You linked the Granite 4 model card — cool. The model card describes the chat template format, but OP's issue isn't the format itself. It's that common_chat_parse in llama.cpp doesn't correctly extract tool calls for granite's template. The model IS generating tool calls (OP can see them in the raw content), the parser just isn't picking them up. That's a llama.cpp parser support gap, which is exactly what I said.
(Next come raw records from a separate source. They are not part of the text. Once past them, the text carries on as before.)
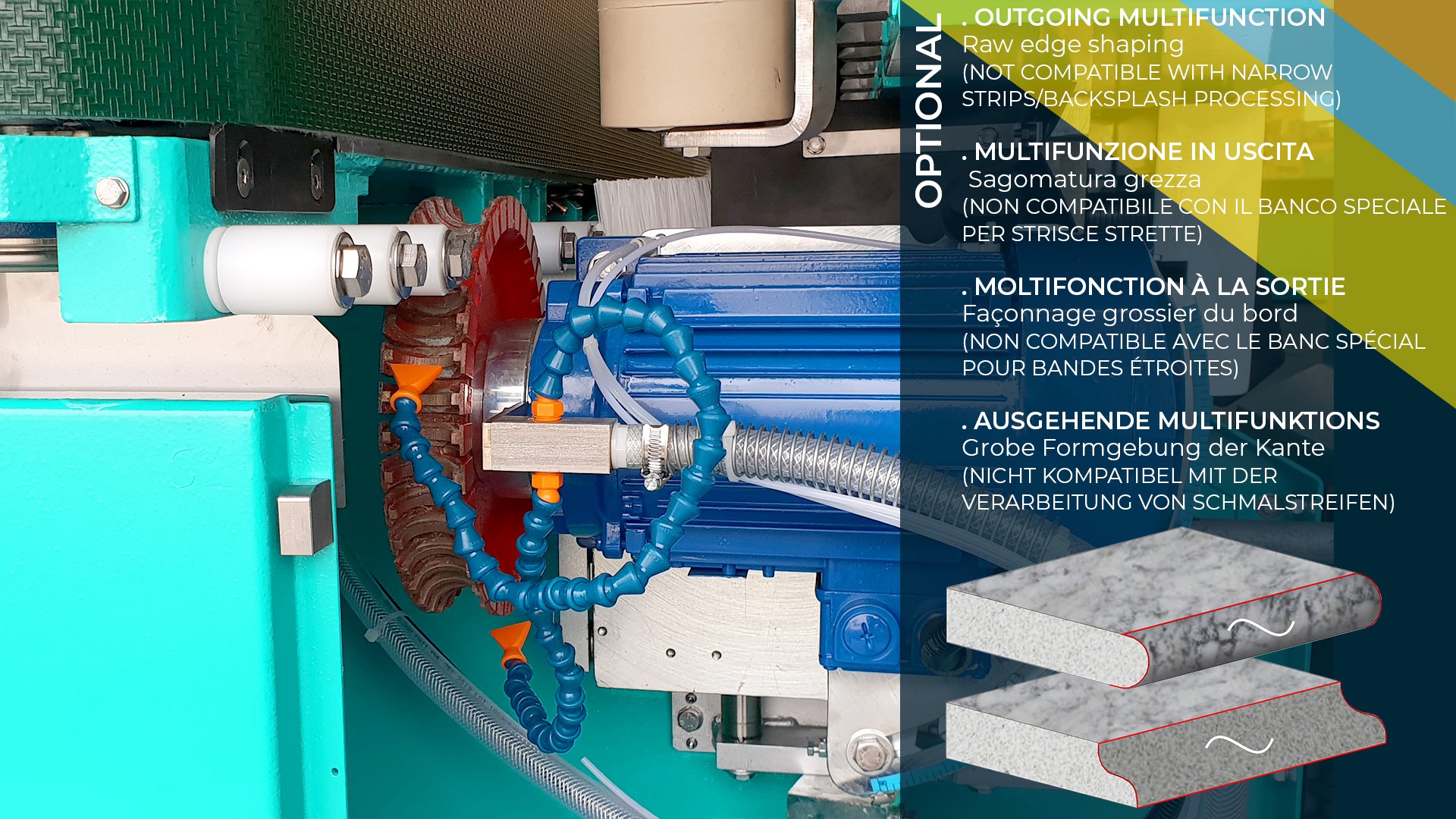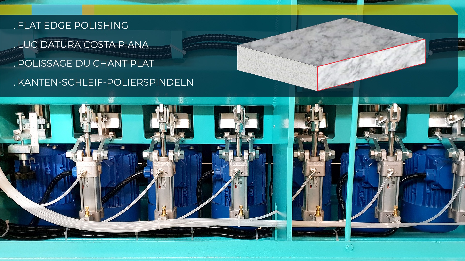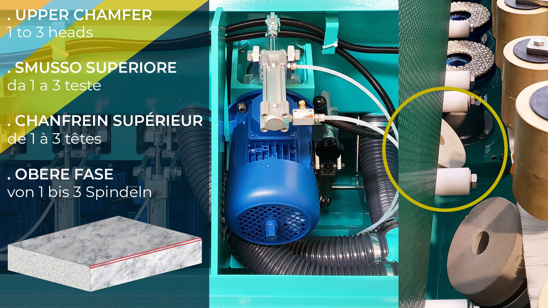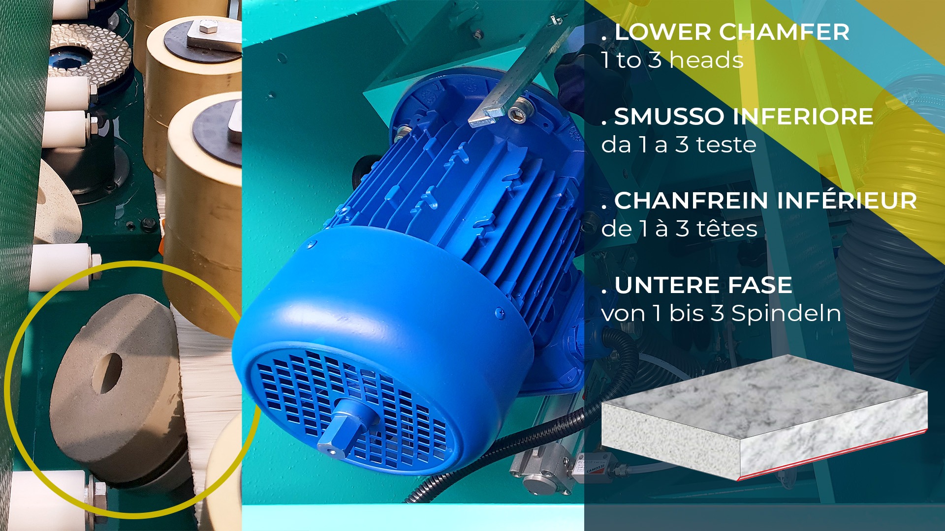 Eficiente, fiable y extremadamente fácil de usar, instalar y mantener, es la solución ideal para el pulido y biselado de cantos planos de 10 a 60 mm en: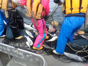 このような状況で、上記写真のように毎日ゼニガタアザラシが被害をもたらしているとなれば漁師の気持ちも昂りません。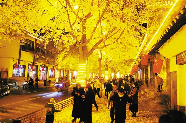 立冬前后,被稱(chēng)為“黃金大道”的天水市青年南北路銀杏一條街,黃葉飛舞一地金黃,迎來(lái)一年中最佳觀賞期。 天水市秦州區(qū)青年南北路全長(zhǎng)700余米,道路兩側(cè)種滿了銀杏樹(shù)。落葉季節(jié),每到夜幕降臨后,銀杏樹(shù)上的LED金黃色燈帶亮燈后,整條街黃葉黃燈交相輝映,璀璨奪目,成了市民近日遛彎首選的“打卡”地。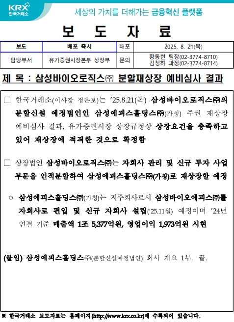 삼성바이오로직스가 자회사 관리 및 신규 투자 사업 부문을 분할해 삼성에피스홀딩스㈜(가칭)를 설립하고, 오는 2025년 11월 24일 유가증권시장에 재상장할 예정입니다.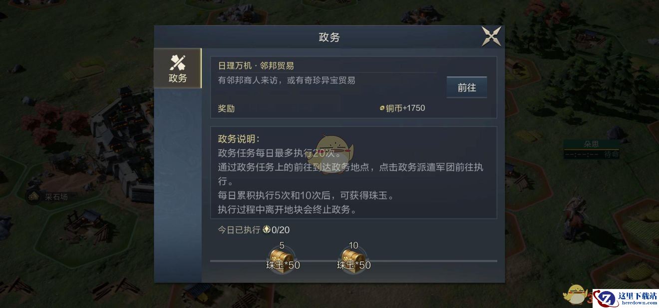 2、完成政务任务即可获取对应的奖励,每日完成一定数量还可以领取珠玉奖励。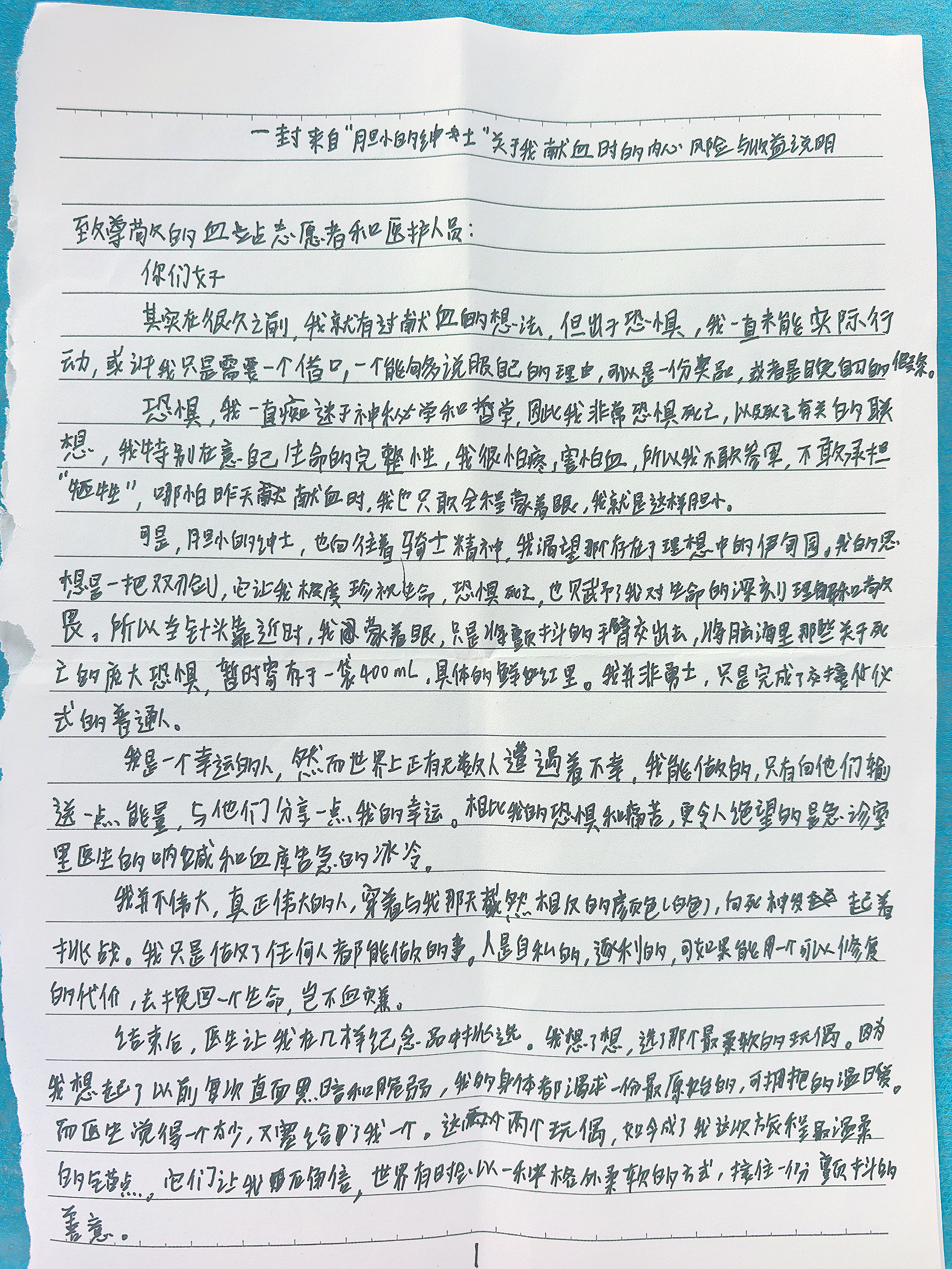 这封信在血站内部传阅,工作人员久久不能平静。他们每日见证无数献血者,但这份清晰的颤抖,格外动人。
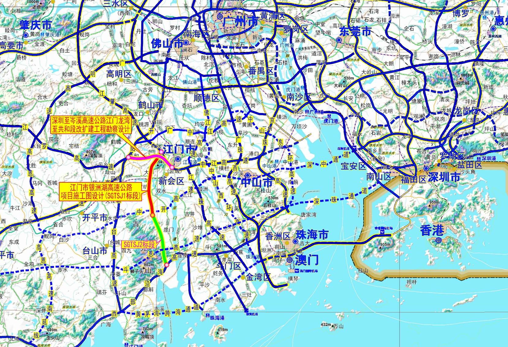 江門市銀洲湖高速公路項目路線起于蓬江區(qū)棠下鎮(zhèn),接珠三角環(huán)線高速公路,終點位于新會區(qū)崖門鎮(zhèn)(接西部沿海高速公路),長約53.8km,采用雙向六車道高速公路標準,設(shè)計速度120km/h,路基寬度34.5m。我司承擔的是銀洲湖高速SGTSJ1標段(總體標)的土建勘察設(shè)計和總體協(xié)調(diào)任務(wù)。該標段全長約31.3km,總投資約82億元。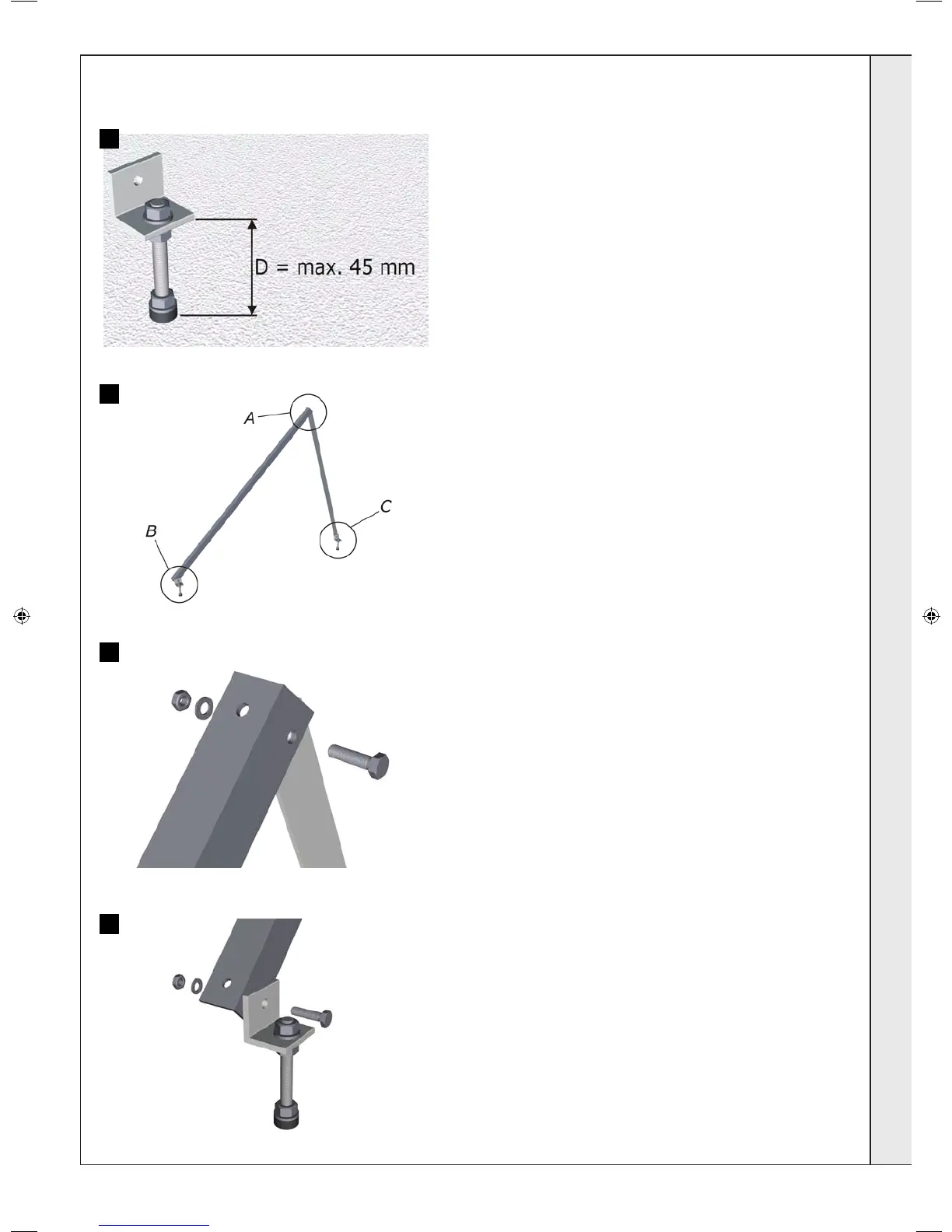 Order: screw – base bracket – support bracket - washer – nut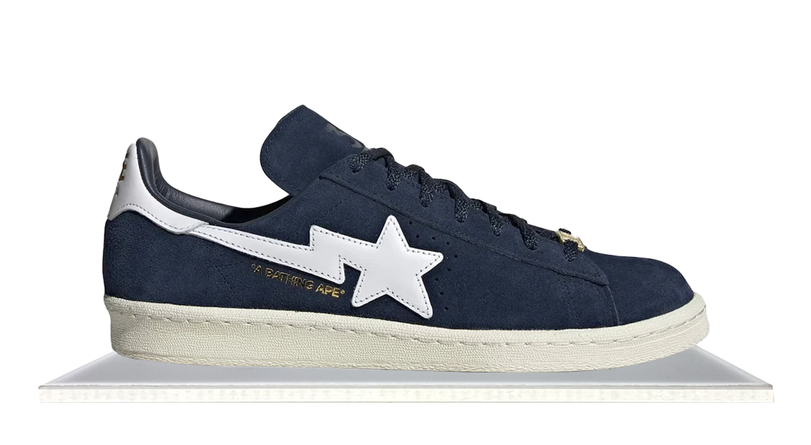 Bape has once again collaborated with Adidas, this time on the Adidas Campus. The sneaker first released in the 1980s, and has since then been a favorite at Adidas. This collab comes with a navy suede base, Bape’s shooting star logo on one side, and the three Adidas stripes on the other, both in white. Gold branding is seen on the bottom of the laces, on the side of the sneaker and on the heel.

Calling someone a bot because their answer is detailed is a weird move on a technical sub.

[-]

EffectiveCeilingFan@reddit

Once again completely wrong. OP was using the wrong format for tool calling. The source for the correct format was the model card. Your answer was detailed in the worst way. It was entirely AI generated, so all the “detail” was useless noise. There is no problem with the llama.cpp tool parser. I just tested it with the correct format, and it works perfectly fine.

[-]

sZebby@reddit (OP)

yes i rembered incorrectly. updated the post sorry.
i didnt specify any format. i kinda hoped it would pick up the correct format for chat parsing with:

auto params = common_chat_templates_apply(targetLLM_.templs_.get(), inputs)

...generated response

common_chat_parser_params p_params = common_chat_parser_params(params);

p_params.debug = true;

auto msg = common_chat_parse(response, false, p_params);

at least the inputs parsing is working with the correct format. i also find "" and "" in preserved tokens. is it the correct way to init the chat_parser_params with this?

i tired to look in server and simple_chat examples but couldnt pinpoint my mistake.